Jordan's landscapes are quite differents of Syria's, crossing the border by bike helps to understand why it's not the same country...here, some beduins, resting along the road...
Jordan's hills are quite difficult to climb, as I didn't find a good road map of the country, I discovered along the road that Amman is...more than 700 m high! Anyway, the views are wonderfull!

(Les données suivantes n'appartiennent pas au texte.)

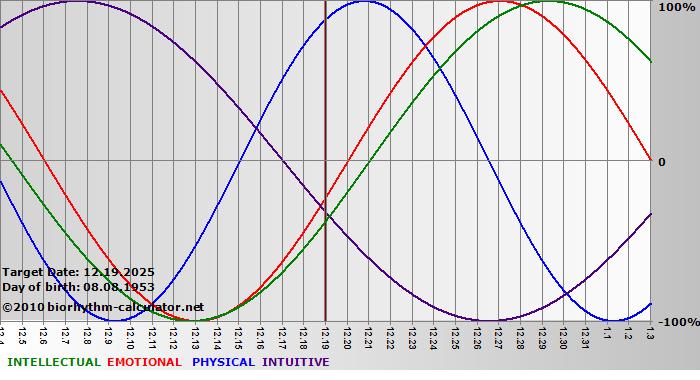 Your biorhythm above the horizontal line indicates that your capacity in that area is enhanced; you feel stronger, more alert, more connected, more empathetic. These are times when you are able to do more, be more, enjoy more. When the biorhythm lines are below 0%, your capacity is diminished, and conservative behavior is recommended.
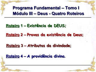 O documento apresenta um resumo sobre o módulo III do livro "Programa Fundamental - Tomo I" da Federação Espírita Brasileira, que trata sobre Deus. O módulo discute a existência e atributos de Deus através de 4 roteiros e cita uma poesia de Antero de Quental que descreve Deus como eterno, imutável, imaterial, único e onipotente. Finalmente, destaca que Jesus nos apresentou a Deus como um Pai amoroso e justo.
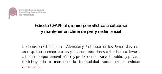 La carta que el sábado pasado dirigió la Comisión Estatal de Atención y Protección a los Periodistas (CEAPP) al gremio periodístico de Veracruz, consolidó en el discurso público la concepción del organismo creado durante el gobierno del Javier Duarte de Ochoa, aún preso, en un contexto de violencia mortal contra el gremio impulsada desde las entrañas de la propia administración duartista.
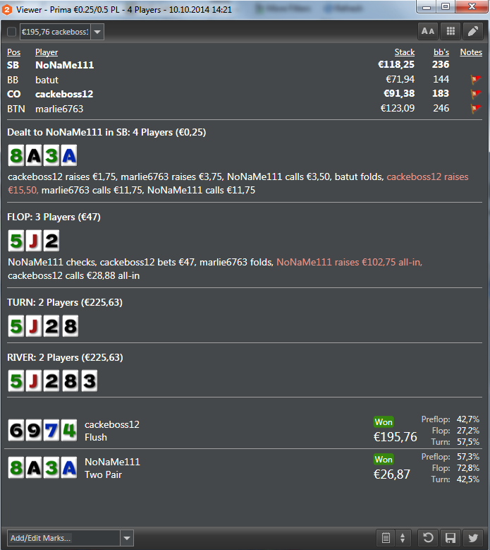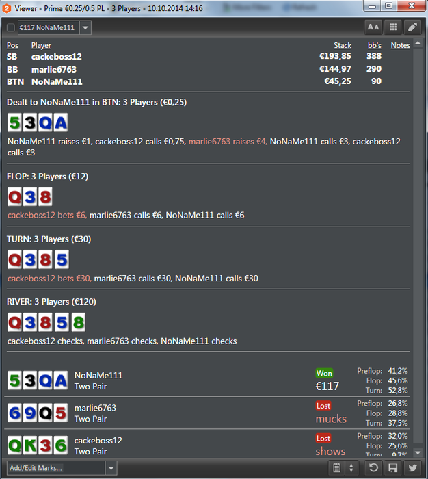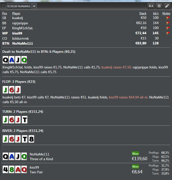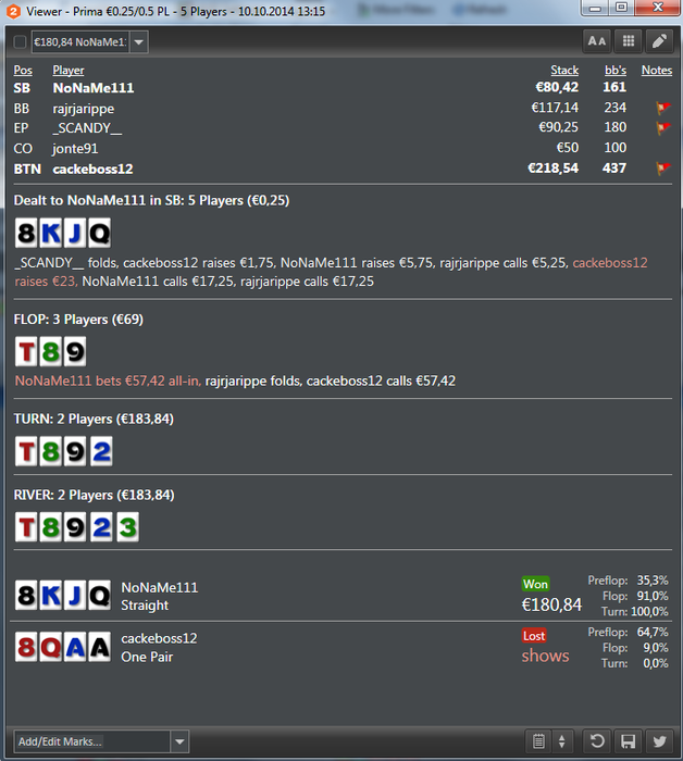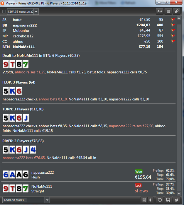 Noname111, якщо це той самий Гордон, то треба з самим Гордоном говорити, але я думаю, що це було десь так: а) Гордон подумав: єбать! мене Нонейм крутить без пози (думаю він тебе вже знає) і не лише як людину, а ще й мабуть і по статистиці. щас, думає, я йому жити не дам на флопі. а рука погодься в Гордона якрза саме та, щоб не дати тобі жити на багато яких флопах. і так, падає флоп. ти ставиш пот! і о богі, орієнтовні думки в Гордона: ахуєть! куда він ліпить в цей флоп таку ставку: він же не попав сюди зі своїми тузами. вєрняк вони в нього голі! а дай ка я засажу суда лєну, маю скрите стріт-дро, бекдор флешдро і купу друга пара-дро і два аута на тріпс-дро і ще й мабуть відсотків 20 на фолд-еквіті. б) йому банально захотілось проти тебе погемблити, в) він балансує свою блеф-гру і гру на велью. Взагалі НЛКат дуже агресивно, дуже диспово і +до всього дуже добре грає. тому я думаю, що тобі банально заканало ;) і це попри те, що це вроді як твоя гра, але я чув, що він робить успіхи(це я не про виграв, не виграв, а про роботу над грою, над якою, як мені відомо, даний гравець, працює багато) і в ПЛО теж.
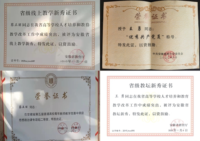 建强基层组织体系,充分发挥“双带头人”的“领头雁”作用。近年来,党支部书记王勇获安徽省“教坛新秀”、安徽省委讲师团青年宣讲名师、校“优秀党务工作者”、校“优秀共产党员”、校“优秀教师”、校“本科教学管理先进个人”等称号,在省教育厅首届高校思政课教学展示暨教师说课比赛中获得二等奖。宣传委员蔡正丽荣获校级“优秀教师”,被评为安徽省线上教学新秀,获安徽省第五届普通高校青年教师教学竞赛思政专项组二等奖。
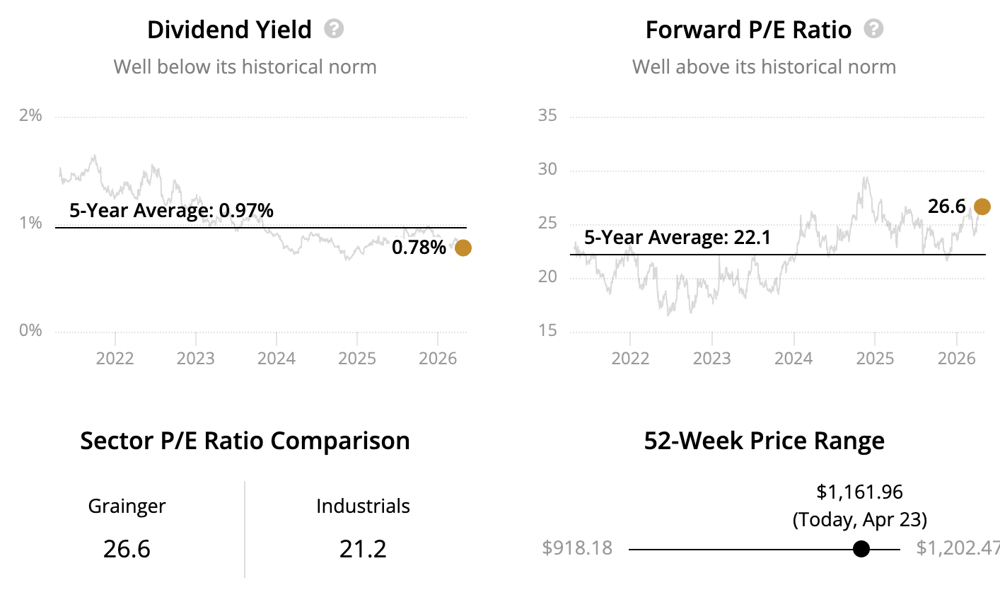 Established in 1927, W.W. Grainger distributes maintenance, repair, and operating products to businesses and institutions. It benefits from broad product availability, reliable fulfillment, and a strong mix of online and branch distribution serving diverse end markets.
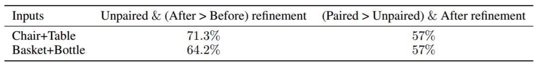 图 2:使用配对或未配对数据训练桌椅组合任务的测试结果。「NN」代表成对训练集中最接近的图像,「NoInpaint」表示在没有修复网络的情况下未配对模型的结果。在配对和未配对情况中,cˆ before 和 cˆ after 分别表示在推理细化网络之前和之后的生成器的结果。cˆ after s 表示细化步骤后的有遮掩的转置输入的总和。

Resting a bit under an incredibly heavy sun, I'm invited by Asem for a coffee. Asem is Egyptian, I realize that Egypt is the neighbour country, and that salaries here are not to bad for workers. My friend teaches me some arabic things, it's not so easy to communicate, but we did it. Great moment of simple friendship...
dimanche 17 juin 2007
Côte nord du Liban
Au nord de Beyrouth, à une demi-heure de route grâce à la conduite sportive et stylée de mon hôte, nous voici à Byblos, où la guide très sûre d'elle m'explique que nous sommes dans la plus vielle ville de l'histoire de l'humanité encore habitée. Pourquoi pas...
La ville, en contact étroit avec l'Egypte durant l'antiquité, était un lieu de transit pour le papyrus, l'ancêtre du papier. Elle doit son nom au nom grec de ce matériau, qui donnera dans notre langue le mot bible.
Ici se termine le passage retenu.